What value are you delivering to your recipient in your SMS? For event updates, the value is obvious – your recipient registered for your event, so they will value any event information you send them – as long as it’s important, or urgent information.

If you’re marketing to your recipients via SMS, you have to make your SMS communications valuable – because no one likes to receive ads on their phone.

If you’re sending a series of texts (which we hope you space out, as per our last DON’T on this list…) you want to spend time ensuring that the content of each SMS is different, and that a unique value proposition is made in each SMS.

For example, perhaps you’re sending an SMS campaign which promotes a new service you’re offering.

The value in your first SMS could be an invite to try the service for one month, absolutely free of charge – as a chosen VIP. The value here is twofold, first – they are told they have been specifically chosen as VIP (giving your recipients a much appreciated feeling of importance) and the second value prop is being able to receive a service for free.

Other value propositions include: exclusive sneak peeks, discounts and vouchers, potential prizes, free download links for educational content, important (and relevant) company updates, and more.

DON’T text like a teenager

We get it, it’s hard to work with a character limit –

But do u want ur biz 2 look lyk a teen?

Avoid SMS lingo as much as possible. Sometimes, shortening a word can make sense, and won’t come off as being prepubescent – but a lot of the times using SMS slang should be reserved for personal messages.

If you desperately need to shorten your SMS, then shorten your content – not the words themselves.

How can you say what you need to say in as short an SMS as possible?

Remember, if you’re including links in your SMS – use a URL shortener to save you some much needed space.

As for emojis – these actually work for engagement a lot of the time, and don’t come off as inappropriate (as long as you use relevant emojis).

Inserting a cocktail emoji in your SMS about after-event drinks is both cute, and eye-catching.

DON’T send too many SMS messages

The one surefire way to lose the attention, and subscription, of your SMS recipients is to send them SMS messages too frequently.

If you send SMS campaigns to your recipients too often, then they’ll want to unsubscribe.

As mentioned earlier, SMS is considered a lot more personal than email, and it’s for this reason that people will opt out of SMS communications if they receive too many from your brand – it’s off putting.

When we hear an SMS notification, most of us are expecting an SMS from a mate, or loved one. If we hear a ‘ping’ every day and go to check our phones for that awaited reply from our significant other about what’s for dinner tonight – and instead find the third SMS about an upcoming sale we’ve received this week – we’re going to be understandably annoyed.

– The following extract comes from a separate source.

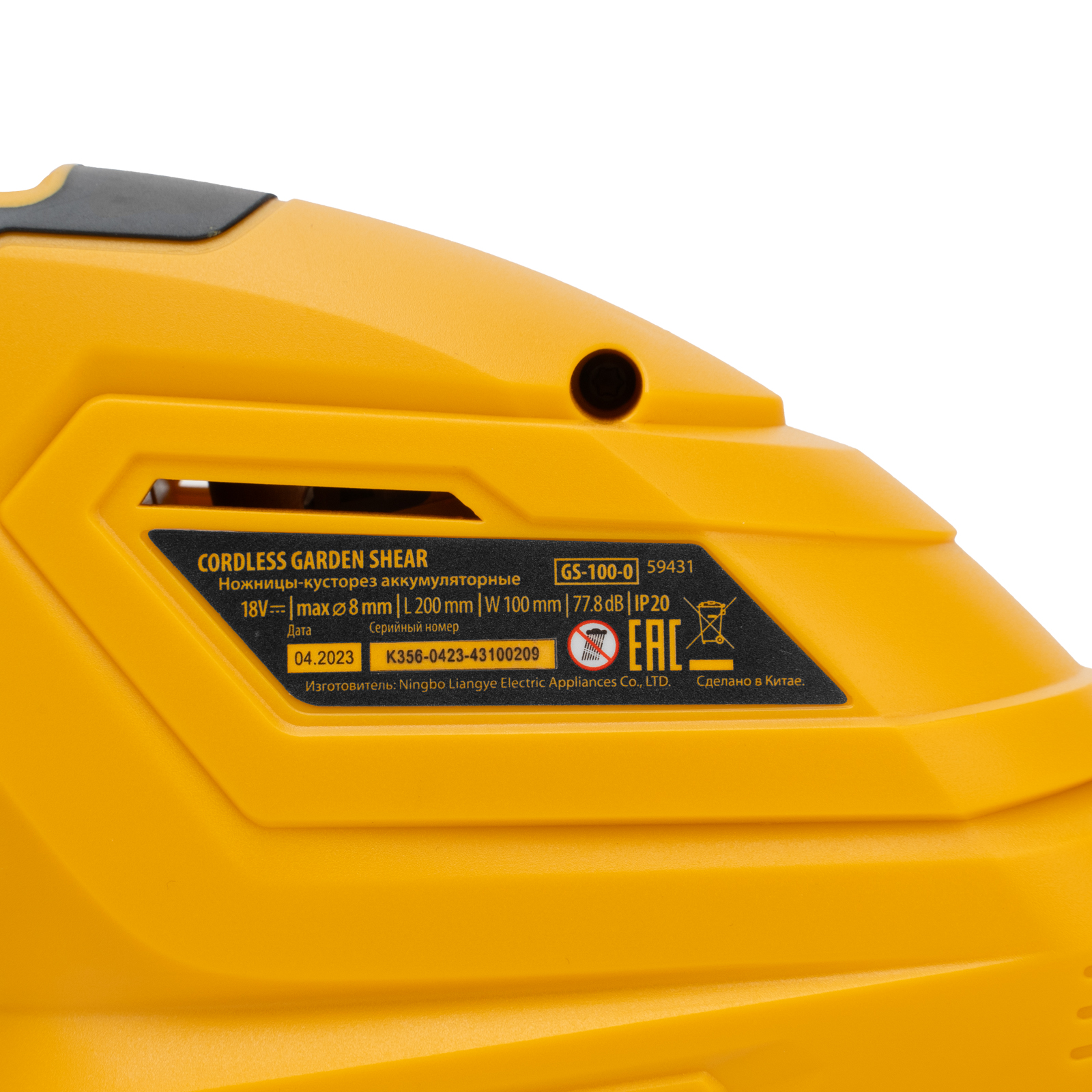Ножницы-кусторез аккумуляторные CGS-100-0, БЕЗ АКБ Denzel

Try not to send over 4 texts a month (that’s about once a week). In fact, to play it safe – it’s best to send just twice a month, especially if the SMS campaign is not pertaining to any time sensitive information.

Obviously you may need to send messages more frequently for time sensitive updates, but as we talked about earlier, as long as your recipients opted in and were given a heads up, they’re going to be expecting those texts.

If you’re just sending marketing SMS messages, then make sure to observe the twice a month rule.

SMS: a powerful marketing tool, and one that’s easy to misuse.

SMS is an incredible marketing channel, simply because pretty much everyone is reachable 24/7 via SMS.

It’s also because of this intense relationships with our phones that SMS can be easily misused by marketing teams.

People are aware they are vulnerable to communications at all times when it comes to SMS campaigns, so it’s important that your SMS recipients are properly prepared to receive texts from you.

It’s also integral for subscriber retention that your SMS campaigns mean something to your recipients.

The easiest mistake to make when it comes to SMS marketing is being downright annoying and inappropriate. That’s why it’s important to consider all of our above tips before launching an SMS campaign.

But if you get SMS marketing right, you’ll have a wealth of marketing power at your disposal.